* [Brief]: Without pictures, repeat the lines of the entries from the one containing "Laura Ashley Beckworth" through the last, both ends included, and nothing else.

* [Records for processing]:
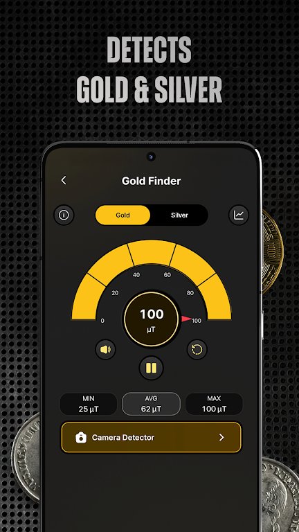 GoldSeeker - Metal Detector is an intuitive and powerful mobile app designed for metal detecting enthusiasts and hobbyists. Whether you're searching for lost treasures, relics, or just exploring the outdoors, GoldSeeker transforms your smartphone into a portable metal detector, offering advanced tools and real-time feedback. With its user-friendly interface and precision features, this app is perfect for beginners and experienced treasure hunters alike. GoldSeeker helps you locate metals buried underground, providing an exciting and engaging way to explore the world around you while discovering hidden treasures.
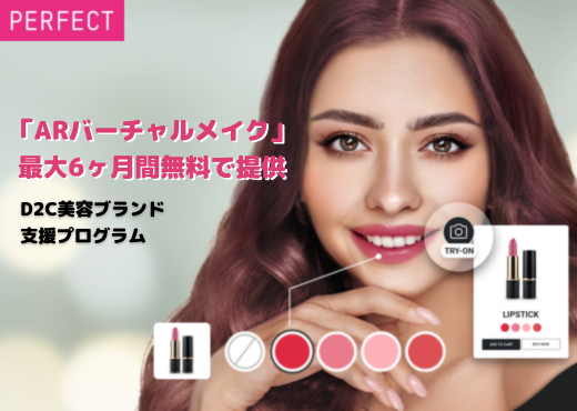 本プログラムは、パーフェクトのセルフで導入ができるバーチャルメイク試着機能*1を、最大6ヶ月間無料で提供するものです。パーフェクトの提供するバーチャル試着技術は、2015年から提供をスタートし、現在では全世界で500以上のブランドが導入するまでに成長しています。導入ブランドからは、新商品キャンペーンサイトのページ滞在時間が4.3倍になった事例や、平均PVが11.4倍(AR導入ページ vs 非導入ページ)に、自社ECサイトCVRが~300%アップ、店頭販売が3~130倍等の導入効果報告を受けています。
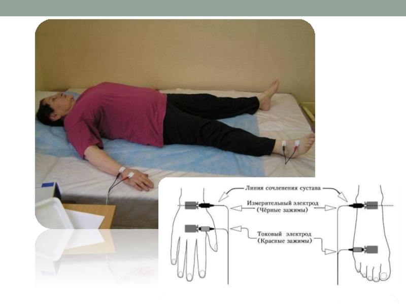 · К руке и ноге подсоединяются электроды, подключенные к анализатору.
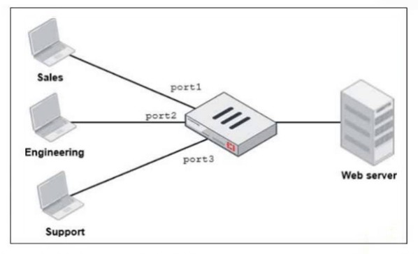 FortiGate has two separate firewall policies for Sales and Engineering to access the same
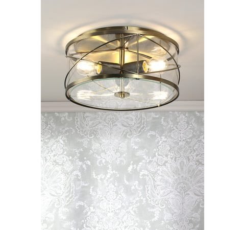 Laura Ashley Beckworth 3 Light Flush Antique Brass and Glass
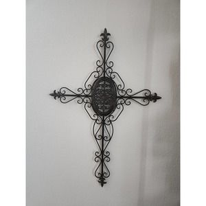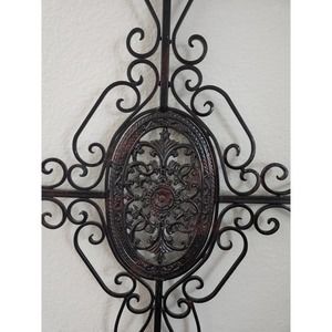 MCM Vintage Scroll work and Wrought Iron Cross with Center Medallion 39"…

* [Exercise solution]:
 Laura Ashley Beckworth 3 Light Flush Antique Brass and Glass
 MCM Vintage Scroll work and Wrought Iron Cross with Center Medallion 39"…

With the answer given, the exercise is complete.